-------- DATASET RECORDS

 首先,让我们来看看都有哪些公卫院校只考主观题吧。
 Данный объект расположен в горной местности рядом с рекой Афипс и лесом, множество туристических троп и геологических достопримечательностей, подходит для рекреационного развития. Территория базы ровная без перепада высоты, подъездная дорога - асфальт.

----------------
-------- DATASET RECORDS

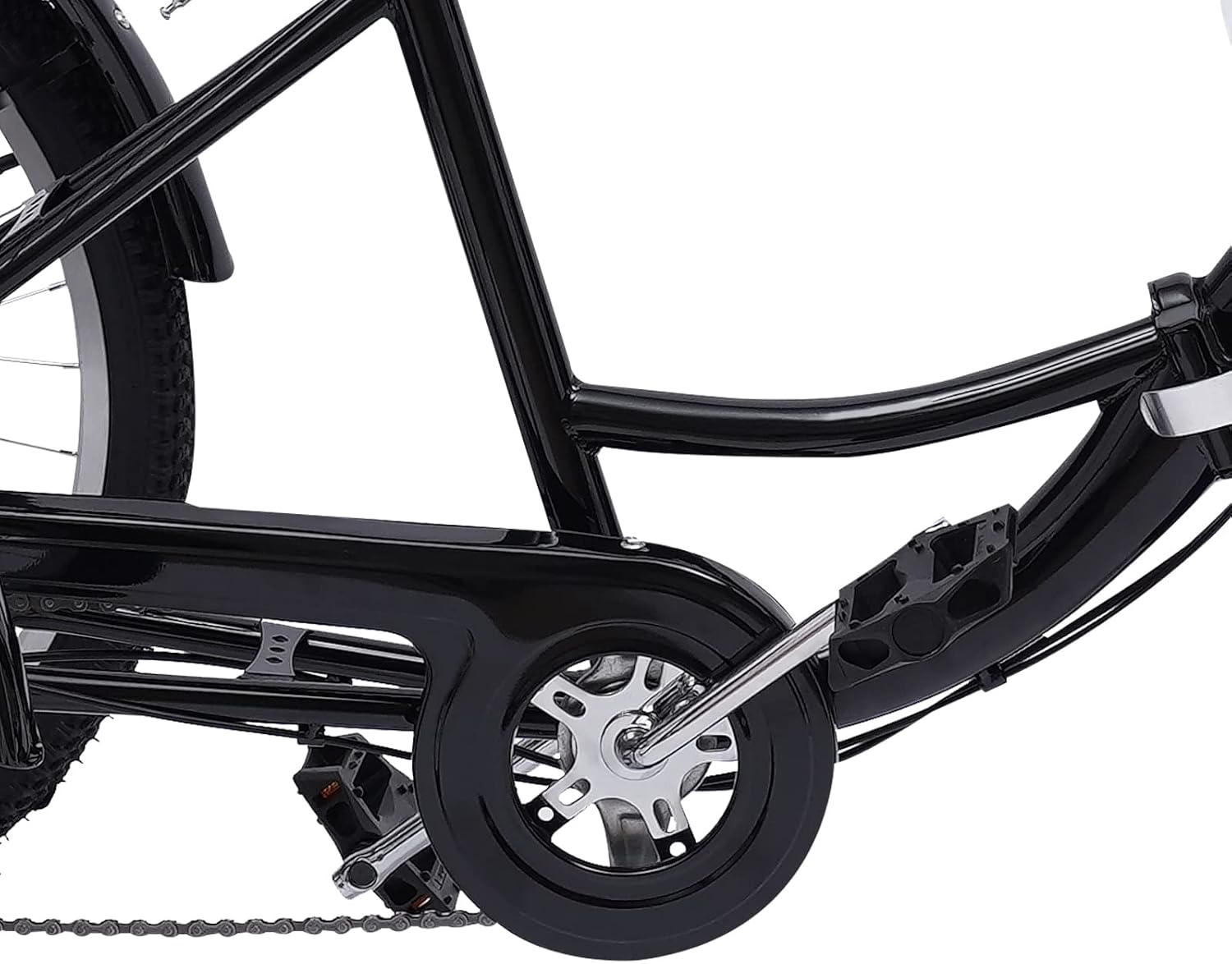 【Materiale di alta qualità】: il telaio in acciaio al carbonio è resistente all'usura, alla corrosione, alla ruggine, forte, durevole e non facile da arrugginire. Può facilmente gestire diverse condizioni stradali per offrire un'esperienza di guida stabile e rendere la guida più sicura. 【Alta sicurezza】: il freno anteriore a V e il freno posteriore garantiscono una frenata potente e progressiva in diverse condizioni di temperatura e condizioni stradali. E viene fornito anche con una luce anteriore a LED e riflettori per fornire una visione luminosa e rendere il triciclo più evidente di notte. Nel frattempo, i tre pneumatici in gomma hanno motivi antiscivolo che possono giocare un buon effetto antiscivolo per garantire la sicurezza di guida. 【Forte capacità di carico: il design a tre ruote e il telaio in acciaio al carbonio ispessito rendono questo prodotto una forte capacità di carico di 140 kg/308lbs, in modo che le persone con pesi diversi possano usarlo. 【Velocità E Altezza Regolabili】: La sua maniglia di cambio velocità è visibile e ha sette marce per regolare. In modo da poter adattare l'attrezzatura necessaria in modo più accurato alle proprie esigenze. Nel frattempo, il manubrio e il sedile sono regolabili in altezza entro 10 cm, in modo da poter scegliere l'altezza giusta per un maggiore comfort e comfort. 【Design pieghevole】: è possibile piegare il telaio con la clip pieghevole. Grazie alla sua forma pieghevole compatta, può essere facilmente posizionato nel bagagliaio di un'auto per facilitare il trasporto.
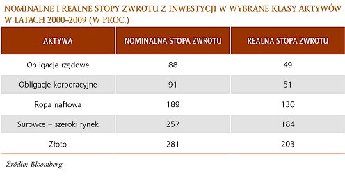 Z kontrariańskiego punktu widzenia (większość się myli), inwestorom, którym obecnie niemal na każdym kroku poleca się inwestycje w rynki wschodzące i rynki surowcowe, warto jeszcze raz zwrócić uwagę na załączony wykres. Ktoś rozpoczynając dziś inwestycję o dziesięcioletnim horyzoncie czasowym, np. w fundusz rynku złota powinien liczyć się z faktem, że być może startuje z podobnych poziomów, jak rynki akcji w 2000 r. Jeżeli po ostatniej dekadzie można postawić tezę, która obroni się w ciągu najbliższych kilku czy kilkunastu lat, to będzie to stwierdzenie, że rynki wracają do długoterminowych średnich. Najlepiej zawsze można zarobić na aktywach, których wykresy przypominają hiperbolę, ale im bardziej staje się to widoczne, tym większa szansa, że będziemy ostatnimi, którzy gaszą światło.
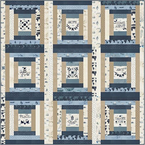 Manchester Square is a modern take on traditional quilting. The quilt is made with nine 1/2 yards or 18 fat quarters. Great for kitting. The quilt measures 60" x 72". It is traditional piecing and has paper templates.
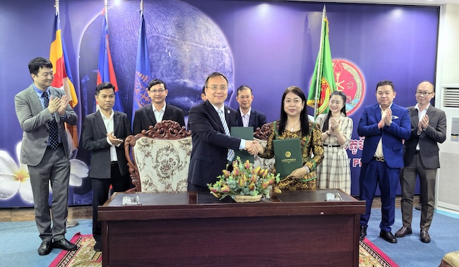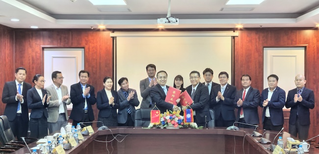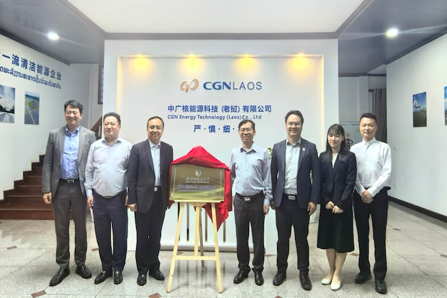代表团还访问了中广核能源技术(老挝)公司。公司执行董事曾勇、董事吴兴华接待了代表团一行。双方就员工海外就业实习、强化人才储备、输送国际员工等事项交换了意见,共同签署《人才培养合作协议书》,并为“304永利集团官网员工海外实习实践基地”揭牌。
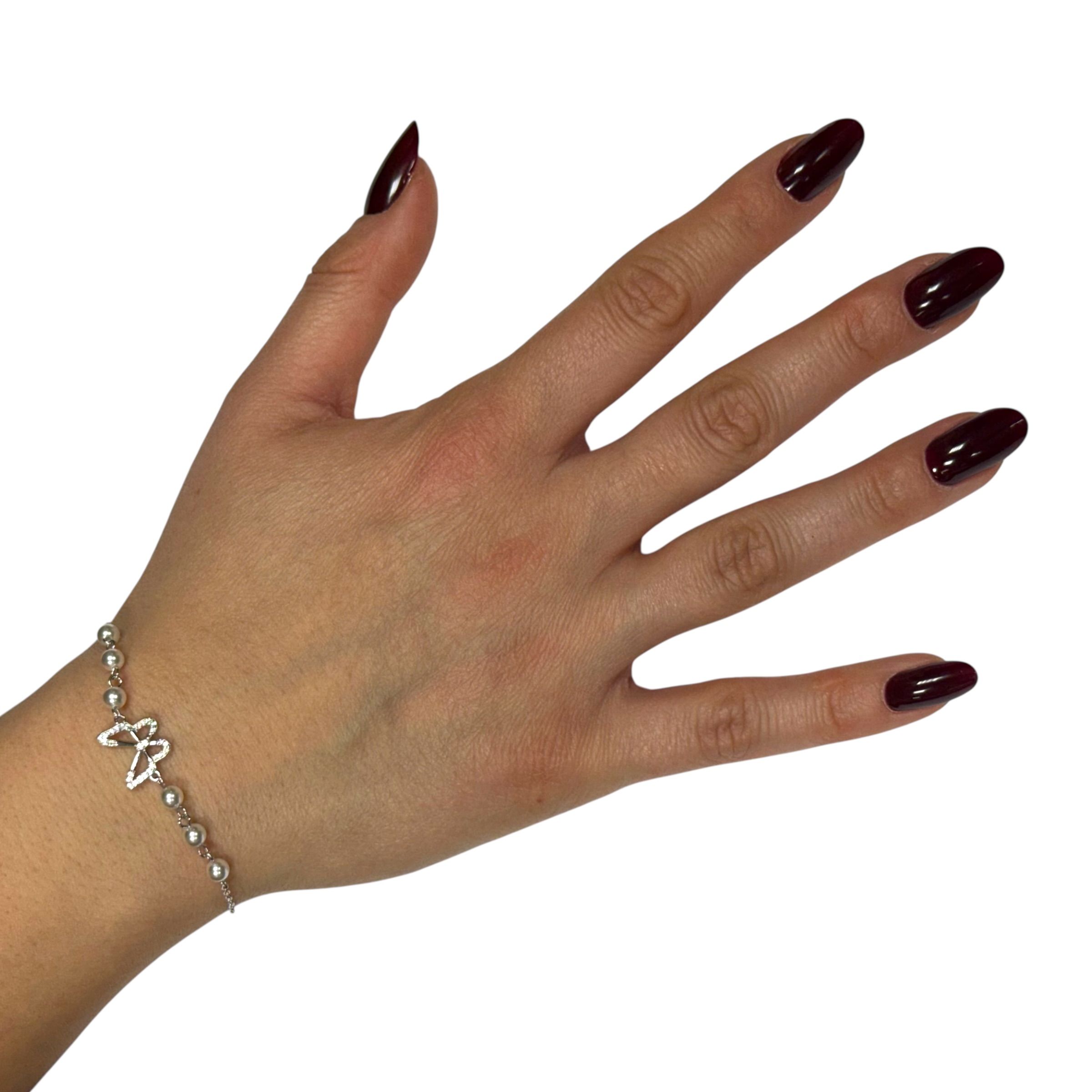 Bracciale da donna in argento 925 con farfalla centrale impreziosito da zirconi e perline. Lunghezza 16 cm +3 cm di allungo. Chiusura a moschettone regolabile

----------------
-------- DATASET RECORDS

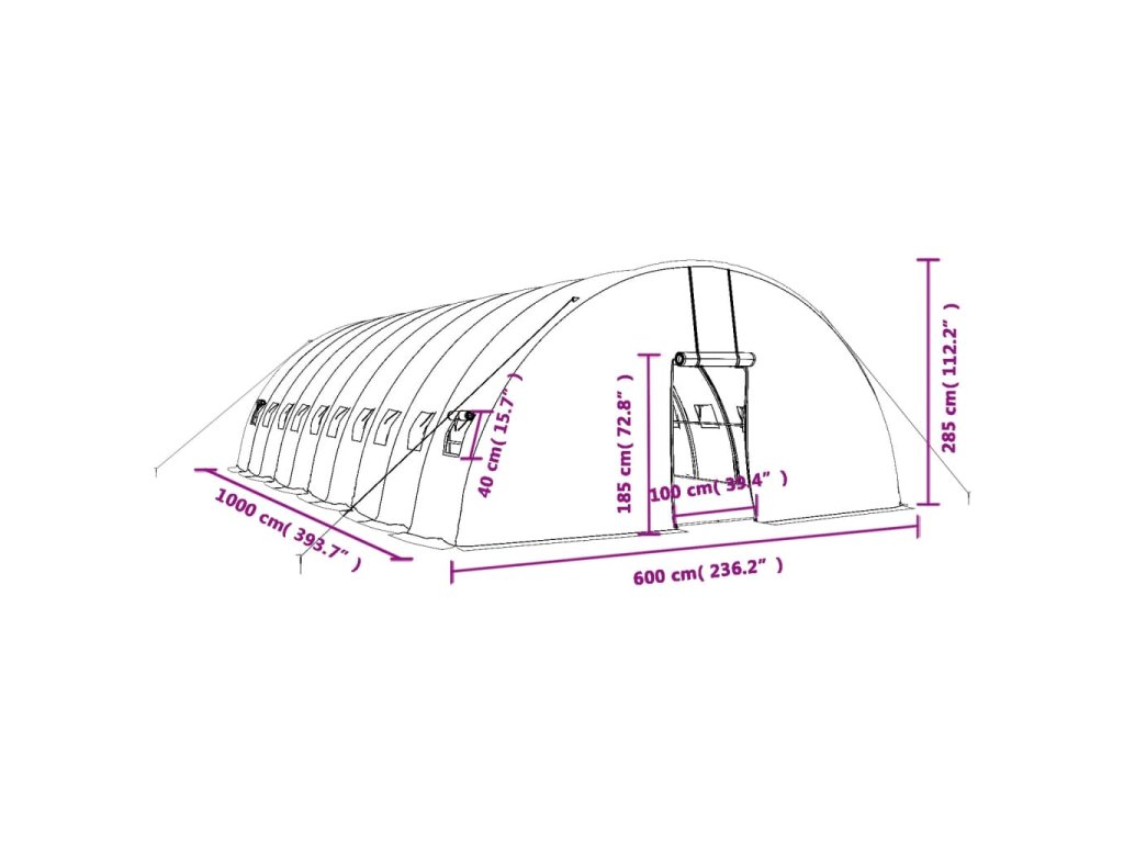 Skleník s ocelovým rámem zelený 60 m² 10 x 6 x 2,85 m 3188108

----------------

◆ TO DO
Considering only the material above, set down every line from the one with "首先,让我们来看看都有哪些公卫院校只考主观题吧。" to the one with "Данный объект расположен", inclusive, exactly as written.

◆ SOLUTION
 首先,让我们来看看都有哪些公卫院校只考主观题吧。
 Данный объект расположен в горной местности рядом с рекой Афипс и лесом, множество туристических троп и геологических достопримечательностей, подходит для рекреационного развития. Территория базы ровная без перепада высоты, подъездная дорога - асфальт.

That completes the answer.